Merging Spreadsheets with Python–Append
Merging multiple spreadsheets together is a common task to perform. Merging can be done two ways:
- Append — where spreadsheets are concatenated on top of each other

2. Join––where spreadsheet columns are joined horizontally based on the same values of your selected columns

In this tutorial we will be focusing on Appending. I will be writing another tutorial on Joining.
Disclaimer
I built a tool mergespreadsheets.com that appends files easily. Feel free to try it out if you need a quick append
Pre-requisite
If you do not know how to use the Terminal and Python, or how to read and write files using Python and Pandas, then read and go through this tutorial first: https://medium.com/@lovespreadsheets/intro-to-handling-spreadsheets-with-python-c6a35e0d8de8
Files
We are going to be using three files for this tutorial. You can download them by clicking on the links: MarketingAnalystNames.xlsx, SalesRepNames.xlsx, SeniorLeadershipNames.xlsx
Full Code
This is the entire code to append the three files
I. Read all three spreadsheets
Create a python file in the same folder as your three spreadsheets and name it append.py
First we are going to import our pandas library and give it an abbreviation of pd.
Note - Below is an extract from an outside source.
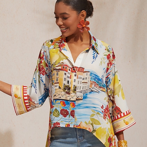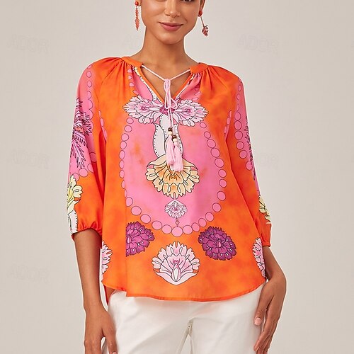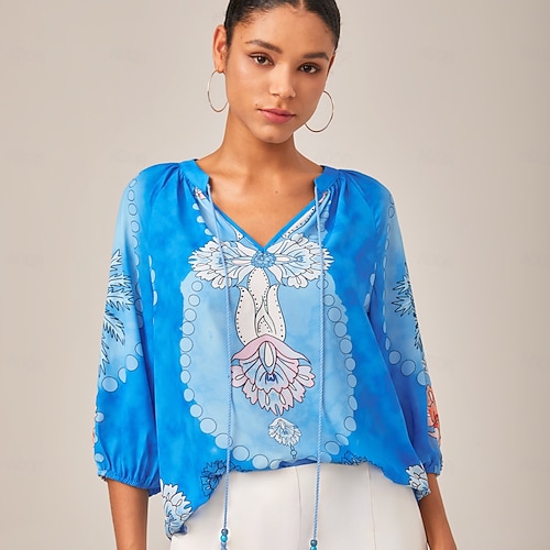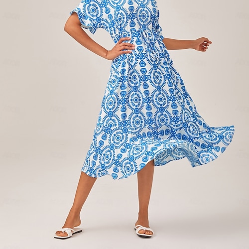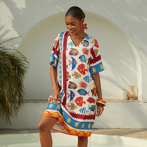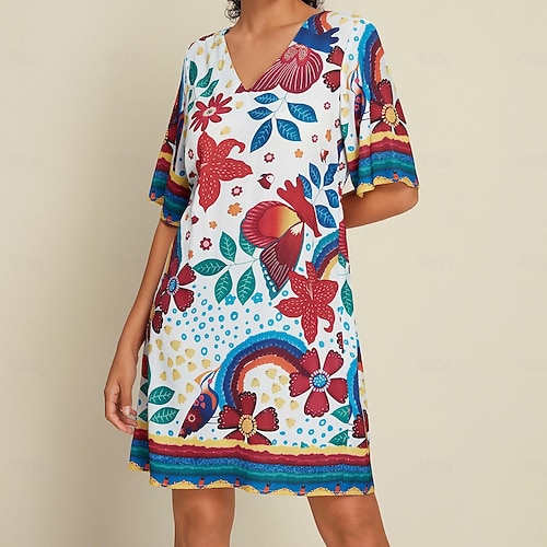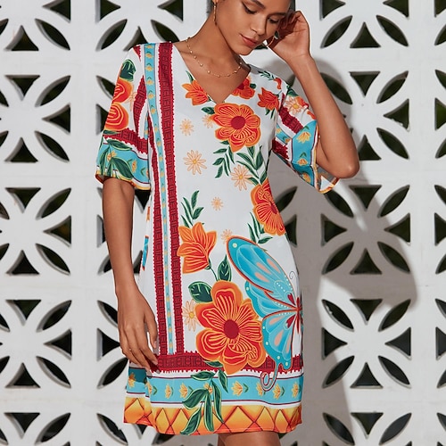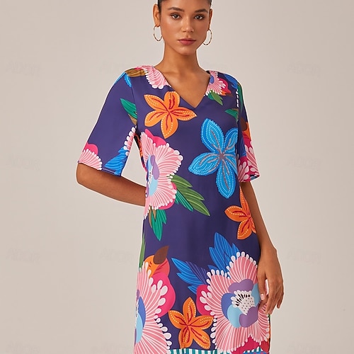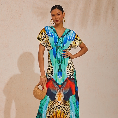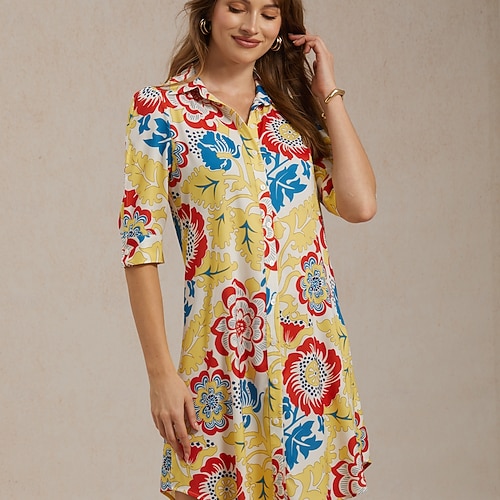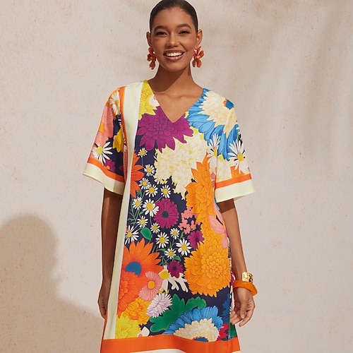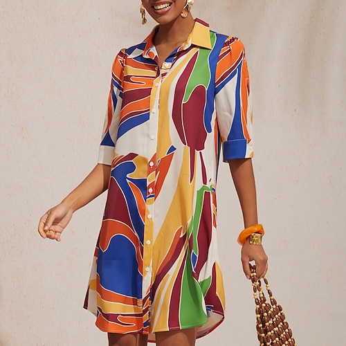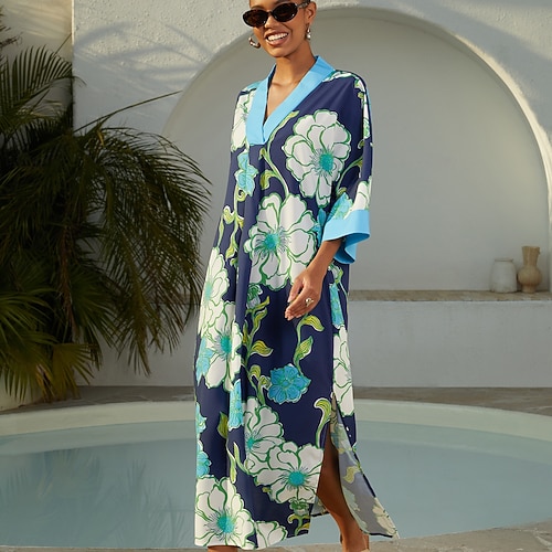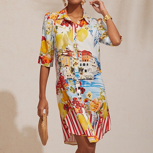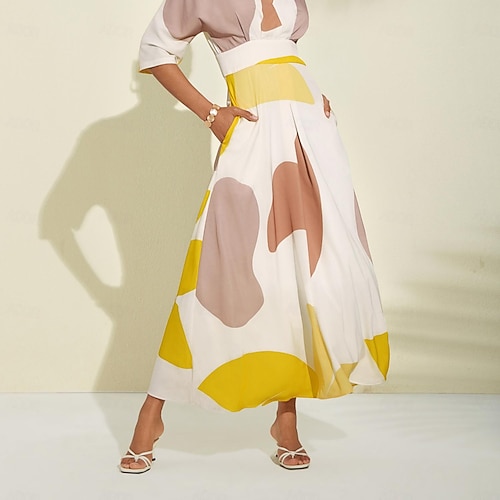 Robe longue imprimée pour femmes tendance mode manches 3 4 ample style décontracté

The pd abbreviation is convention and technically you can use import pandas as is and replace everything pd in the code with pandas
import pandas as pd
We are going to read the first sheet without any extra parameters as we only have text data and the first line is the column name so we can read all three files with the pandas read_excel command without any parameters
marketing_analyst_names = pd.read_excel("MarketingAnalystNames.xlsx")sales_rep_names = pd.read_excel("SalesRepNames.xlsx")senior_leadership_names = pd.read_excel("SeniorLeadershipNames.xlsx")
Now we have three variables that contain pandas data frames containing all the values in the excel files in a row and column format
II. Merge all three data frames
Now we are going to merge all three data frames
- We are going to create a list that contains all three data frames. The order of the data frames in this list will determine how the files get appended
all_df_list = [marketing_analyst_names, sales_rep_names, senior_leadership_names]
2. The command to append all three data frames is a 1 line function. We will call the pd.concat function with our list, which will append all our data frames in that order, and assign the appended data frame to a variable appended_df
appended_df = pd.concat(all_df_list)
The append is done by matching up similar columns names. If the column names aren’t the same then the append will not stack the values on top of each other.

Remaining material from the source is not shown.